首先为了便于调试,在设置了block_dump时会有调试信息的打印,会调用block_dump___mark_inode_dirty函数将该dirty inode的inode号、文件名和设备名打印出来。
然后对inode上锁并进行最后的处理,先设置i_state添加flag标记,当前置位的flag为I_DIRTY_SYNC,执行到此处inode的状态标识就设置完了;随后判断该inode是否已经正在进行sync同步(设置I_SYNC标识,在执行回写worker的writeback_sb_inodes函数调用中会设置该标识)或者inode已经在销毁释放的过程中了,若是则直接退出,不再继续回写。
/*
* If the inode was already on b_dirty/b_io/b_more_io, don't
* reposition it (that would break b_dirty time-ordering).
*/
if (!was_dirty) {
struct bdi_writeback *wb;
struct list_head *dirty_list;
bool wakeup_bdi = false;
wb = locked_inode_to_wb_and_lock_list(inode);
WARN(bdi_cap_writeback_dirty(wb->bdi) &&
!test_bit(WB_registered, &wb->state),
"bdi-%s not registered\n", wb->bdi->name);
inode->dirtied_when = jiffies;
if (dirtytime)
inode->dirtied_time_when = jiffies;
if (inode->i_state & (I_DIRTY_INODE | I_DIRTY_PAGES))
dirty_list = &wb->b_dirty;
else
dirty_list = &wb->b_dirty_time;
wakeup_bdi = inode_io_list_move_locked(inode, wb,
dirty_list);
spin_unlock(&wb->list_lock);
trace_writeback_dirty_inode_enqueue(inode);
/*
* If this is the first dirty inode for this bdi,
* we have to wake-up the corresponding bdi thread
* to make sure background write-back happens
* later.
*/
if (bdi_cap_writeback_dirty(wb->bdi) && wakeup_bdi)
wb_wakeup_delayed(wb);
return;
}
}
out_unlock_inode:
spin_unlock(&inode->i_lock);
#undef I_DIRTY_INODE
}
最后针对当前的inode尚未Dirty的情况,设置inode的Dirty time并将它添加到它回写bdi_writeback对应的Dirty list中去(当前上下文添加的是wb->b_dirty链表),然后判断该bdi是否没有正在处理的dirty io操作(需判断dirty list、io list和io_more list是否都为空)且支持回写操作,就调用wb_wakeup_delayed函数往后台回写工作队列添加延时回写任务,延时的时间由dirty_writeback_interval全局变量设定,默认值为5s时间。
当然了,虽然这里会让writeback回写进程在5s以后唤醒执行回写,但是在当前fsync的调用流程中是绝对不会等5s以后由writeback回写进程来执行回写的(这部分涉及后台bdi赃页回写机制)。
回到vfs_fsync_range函数中,代码流程执行到这里,从针对!datasync && (inode->i_state & I_DIRTY_TIME)这个条件的分支处理中就可以看到fsync和fdatasync系统调用的不同之处了:fsync系统调用针对时间戳变化的inode会设置inode为Dirty,这将导致后面的执行流程对文件的元数据进行回写,而fdatasync则不会。
继续往下分析,vfs_fsync_range函数最后调用file_operation函数集里的fsync注册函数,ext4文件系统调用的是ext4_sync_file,将由ext4文件系统执行文件数据和元数据的同步操作。
/*
* akpm: A new design for ext4_sync_file().
*
* This is only called from sys_fsync(), sys_fdatasync() and sys_msync().
* There cannot be a transaction open by this task.
* Another task could have dirtied this inode.

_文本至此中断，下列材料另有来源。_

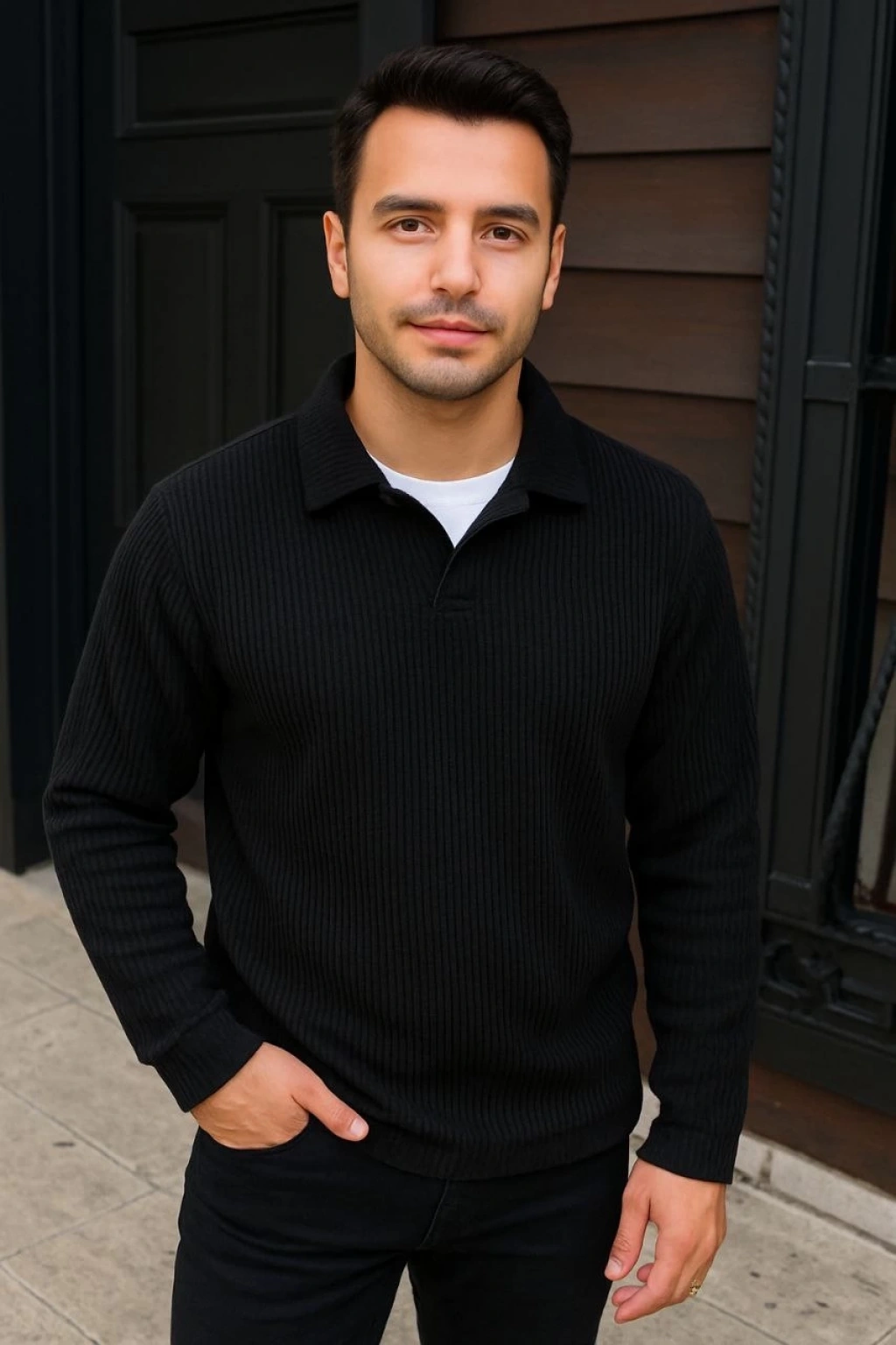 Erkek Fitilli Polar Sweatshirt – Düğmesiz Polo Yaka, Oversize Rahat Kalıp, Kalın Polar Kumaş, Kışlık ve Baharlık Şık Günlük Üst - Kahverengi

Its data can be in any
* state in the journalling system.
*
* What we do is just kick off a commit and wait on it. This will snapshot the
* inode to disk.
*/
int ext4_sync_file(struct file *file, loff_t start, loff_t end, int datasync)
{
struct inode *inode = file->f_mapping->host;
struct ext4_inode_info *ei = EXT4_I(inode);
journal_t *journal = EXT4_SB(inode->i_sb)->s_journal;
int ret = 0, err;
tid_t commit_tid;
bool needs_barrier = false;
J_ASSERT(ext4_journal_current_handle() == NULL);
trace_ext4_sync_file_enter(file, datasync);
if (inode->i_sb->s_flags & MS_RDONLY) {
/* Make sure that we read updated s_mount_flags value */
smp_rmb();
if (EXT4_SB(inode->i_sb)->s_mount_flags & EXT4_MF_FS_ABORTED)
ret = -EROFS;
goto out;
}
分段来分析ext4_sync_file函数,首先明确几个局部变量:
1、commit_tid是日志提交事物的transaction id,用来区分不同的事物(transaction);
2、needs_barrier用于表示是否需要对所在的块设备发送cache刷写命令,是一种用于保护数据一致性的手段。这几个局部变量后面会看到是如何使用的,这里先关注一下。
ext4_sync_file函数首先判断文件系统只读的情况,对于一般以只读方式挂载的文件系统由于不会写入文件,所以不需要执行fsync/fdatasync操作,立即返回success即可。但是文件系统只读也可能是发生了错误导致的,因此这里会做一个判断,如果文件系统abort(出现致命错误),就需要返回EROFS而不是success,这样做是为了避免应用程序误认为文件已经同步成功了。
if (!journal) {
ret = __generic_file_fsync(file, start, end, datasync);
if (!ret)
ret = ext4_sync_parent(inode);
if (test_opt(inode->i_sb, BARRIER))
goto issue_flush;
goto out;
}
接下来处理未开启日志的情况,这种情况下将调用通用函数__generic_file_fsync进行文件同步,随后调用ext4_sync_parent对文件所在的父目录进行同步。之所以要同步父目录是因为在未开启日志的情况下,若同步的是一个新创建的文件,那么待到父目录的目录项通过writeback后台回写之间将有一个巨大的时间窗口,在这段时间内掉电或者系统崩溃就会导致数据的丢失,所以这里及时同步父目录项将该时间窗大大的缩短,也就提高了数据的安全性。ext4_sync_parent函数会对它的父目录进行递归,若是新创建的目录都将进行同步。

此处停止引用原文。